Ideados como una respuesta al abrumador avance aliado en el Pacífico, los Kaiten no eran simples proyectiles: eran vehículos de autoinmolación. Diseñados para ser lanzados desde submarinos, su piloto debía guiar el torpedo hacia un objetivo enemigo, corrigiendo el rumbo mediante un periscopio rudimentario y controles manuales. Si no alcanzaba el blanco, tenía la opción de detonarse desde el interior. No existía plan de escape.

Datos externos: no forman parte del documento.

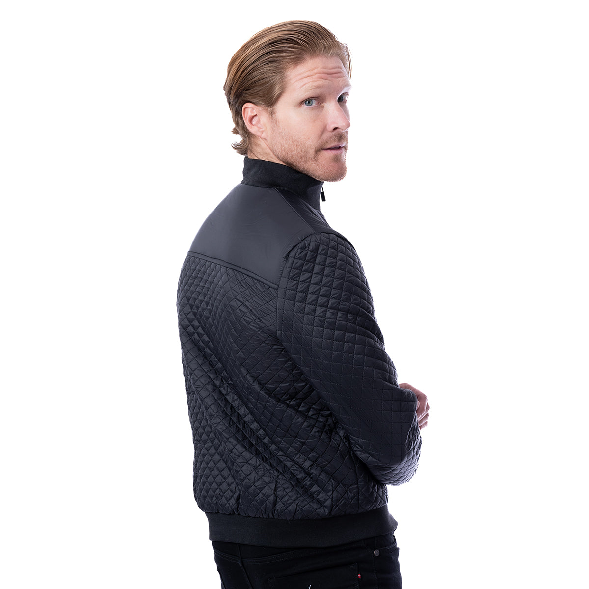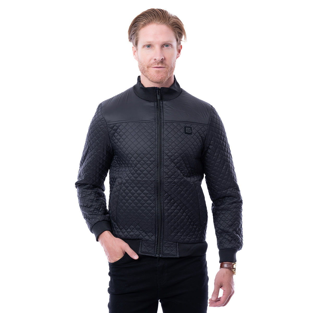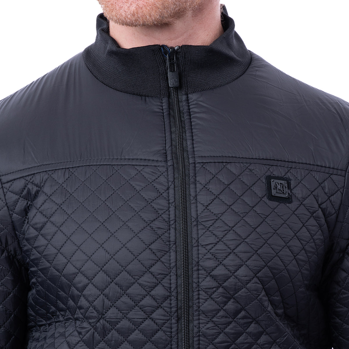 Chamarra capitonada en color negro con diseño liso y cierre de cremallera.

El reclutamiento para el programa no era forzado: miles de jóvenes, convencidos por el ideal del sacrificio por la patria, se ofrecieron voluntariamente. Muchos de ellos no llegarían al campo de batalla: el entrenamiento era tan peligroso como la misión misma, y al menos quince pilotos murieron durante las pruebas.
El primer ataque exitoso ocurrió en noviembre de 1944, cuando un Kaiten hundió el petrolero USS Mississinewa, causando la muerte de 63 marinos. Paradójicamente, uno de los creadores del arma estaba dentro de ese torpedo, llevando consigo las cenizas de su compañero fallecido en las pruebas. Fue un golpe simbólico… y fatal.
Pero los éxitos fueron escasos. El USS Underhill fue otra de las pocas víctimas directas, destruido en 1945 por dos Kaiten que lograron perforar su casco y causaron la muerte de la mitad de su tripulación. A pesar de estos episodios, el balance general fue desolador: apenas 187 muertes aliadas frente a cientos de vidas japonesas sacrificadas.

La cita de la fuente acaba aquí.